Well, it was the nightmare from hell. Clearly the worst amnio ever performed in history. Ever. My landscaper would have done a better job. Dr. Dumbass had to repeat it. As in stab me twice. The eleventy-seven foot needle, in his incapable hands, felt like I’d been impaled on an iron fence post. Tears fell freely. Cramping began. And all I could think was…

I’m that one person out of a thousand.

I was left alone with my tortured thoughts for a weekend of cramping and crying in bed. Why couldn’t I have been the type who could definitively answer the inevitable question: “Well, would you do anything based on the results?” I didn’t know what I’d do, but I knew I wanted to know.

I also remember selfishly thinking I paid my dues to have my girl and we were finally a happy family after so many years of losses and pain. How can I saddle her with a handicapped sibling to care for after we’re gone? Would it be better to have just one healthy child? But as difficult as it was to think that thought, I could not wrap my head around the idea of acting on it.

I worried. If I lose the pregnancy because I chose this procedure, how can I live with that? Why couldn’t I have just trusted that it’d be okay?

What had I done?!

Eventually, the cramps subsided and the miscarriage scare passed. The pregnancy progressed with its gestational diabetes, pre-term labor, bed rest and early delivery. Just like my other pregnancy. A happy ending*. With an asterisk. A footnote.

*My son has autism. The footnote in my life.

Yes, life is challenging, but the bond between my children is beautiful. She nurtures him. He learns from and models her. Every social gain he makes is because of her guidance, love, and patience. I’m embarrassed to have once thought having a disabled child would have unduly burdened my healthy child. It is his condition that has contributed to making her the mature, sensitive young lady she has grown to be. He is not typical; he is so much more. I’d have died for him the instant he took his first breath.

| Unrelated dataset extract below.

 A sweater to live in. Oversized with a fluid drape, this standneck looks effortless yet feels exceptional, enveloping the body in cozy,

If infertility itself has taught us anything it’s that there are no guarantees in life. Each cycle is a roll of the dice. Pregnant or not pregnant.

Each pregnancy is a roll of the dice, too. Singleton or multiple, autism, a birth defect, stillborn, miscarriage, ectopic, or a healthy baby.

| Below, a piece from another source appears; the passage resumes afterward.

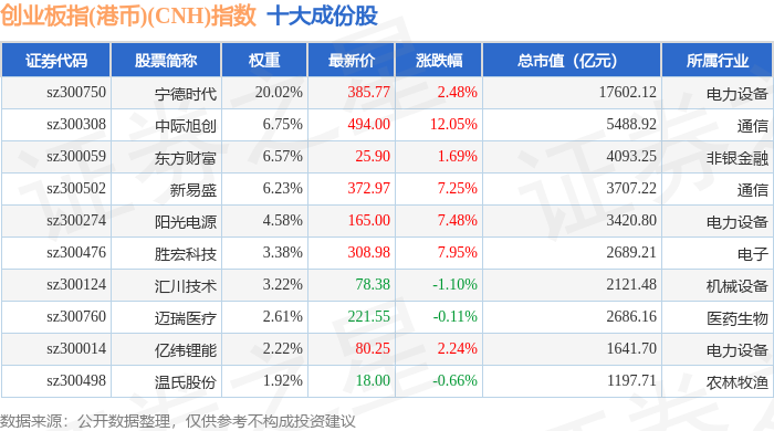 创业板指(港币)(CNH)(970006)指数十大成份股详情如下:

Sadly, disabilities happen before, during, and after birth.

But happily, the reality of living with a disabled child is so much better than I imagined it’d be when I was thinking in abstract terms, before the baby was in my arms. When the baby isn’t there yet, all you have to face is fear of the unknown. Once the baby arrives, you see all its goodness and the disability…if noticeable at all…is put in its proper perspective.

Sometimes you just have to roll the dice. Especially if it’s the only game in town. I hit the jackpot with my children and am a better parent because of them. And I’m no longer that one person in a thousand.

As National Autism Awareness Month comes to its close, all I can think is…

I’m that one person in 110.

* * * * * * * * *

Has your infertility affected your position on having an amnio? How?